*ASSIGNED TASK:* The answer is the exact run of lines in the listing below from the line containing "Полиция возобновила расследование" up to and including the line containing "All JBA headers", with pictures removed.

*RECORDS FOR THE EXERCISE:*
○ ○ ○

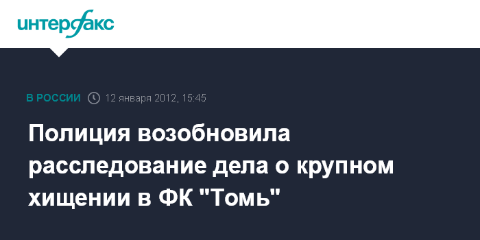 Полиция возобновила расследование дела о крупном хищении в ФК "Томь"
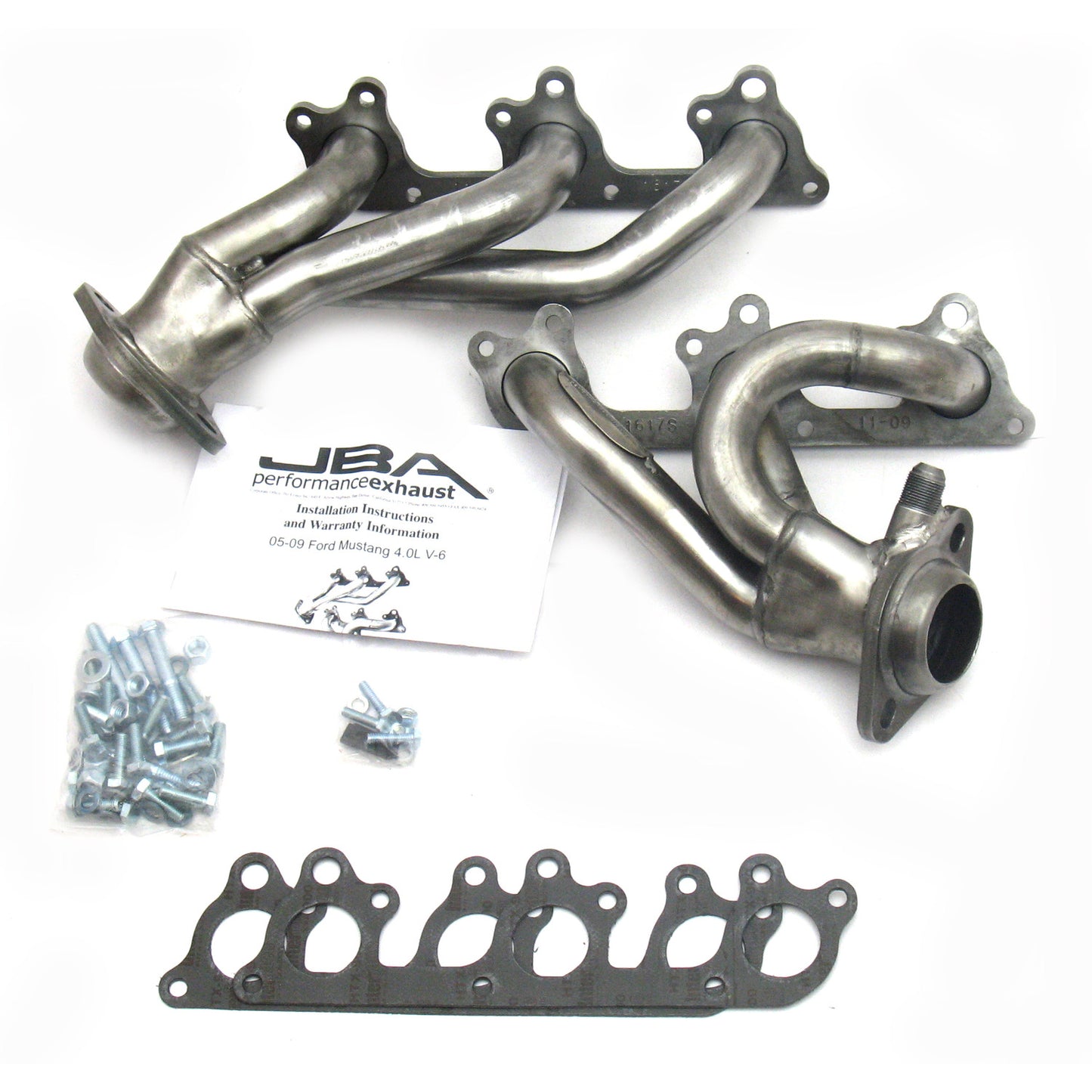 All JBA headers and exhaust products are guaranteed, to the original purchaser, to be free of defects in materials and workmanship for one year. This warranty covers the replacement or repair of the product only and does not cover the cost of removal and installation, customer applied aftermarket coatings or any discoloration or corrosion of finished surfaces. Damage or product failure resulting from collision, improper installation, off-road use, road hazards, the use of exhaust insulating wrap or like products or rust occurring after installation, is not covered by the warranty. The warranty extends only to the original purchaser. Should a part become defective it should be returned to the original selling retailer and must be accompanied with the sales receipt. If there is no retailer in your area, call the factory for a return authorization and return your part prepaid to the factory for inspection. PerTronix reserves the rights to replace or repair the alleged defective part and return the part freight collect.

○ ○ ○

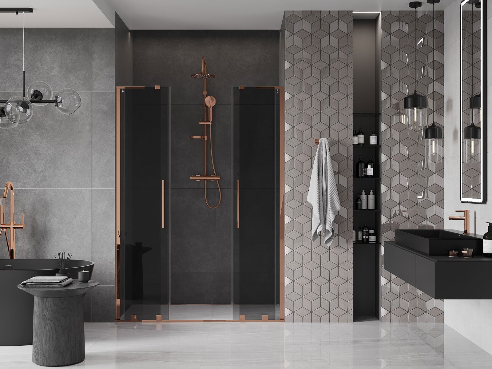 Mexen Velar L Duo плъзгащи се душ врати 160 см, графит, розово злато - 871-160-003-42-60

○ ○ ○

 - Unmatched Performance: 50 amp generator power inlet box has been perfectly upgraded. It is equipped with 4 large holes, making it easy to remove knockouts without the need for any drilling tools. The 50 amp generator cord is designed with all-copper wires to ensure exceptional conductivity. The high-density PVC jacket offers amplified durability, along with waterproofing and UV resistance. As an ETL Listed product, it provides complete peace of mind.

○ ○ ○

*OUTPUT OF THE TASK:*
 Полиция возобновила расследование дела о крупном хищении в ФК "Томь"
 All JBA headers and exhaust products are guaranteed, to the original purchaser, to be free of defects in materials and workmanship for one year. This warranty covers the replacement or repair of the product only and does not cover the cost of removal and installation, customer applied aftermarket coatings or any discoloration or corrosion of finished surfaces. Damage or product failure resulting from collision, improper installation, off-road use, road hazards, the use of exhaust insulating wrap or like products or rust occurring after installation, is not covered by the warranty. The warranty extends only to the original purchaser. Should a part become defective it should be returned to the original selling retailer and must be accompanied with the sales receipt. If there is no retailer in your area, call the factory for a return authorization and return your part prepaid to the factory for inspection. PerTronix reserves the rights to replace or repair the alleged defective part and return the part freight collect.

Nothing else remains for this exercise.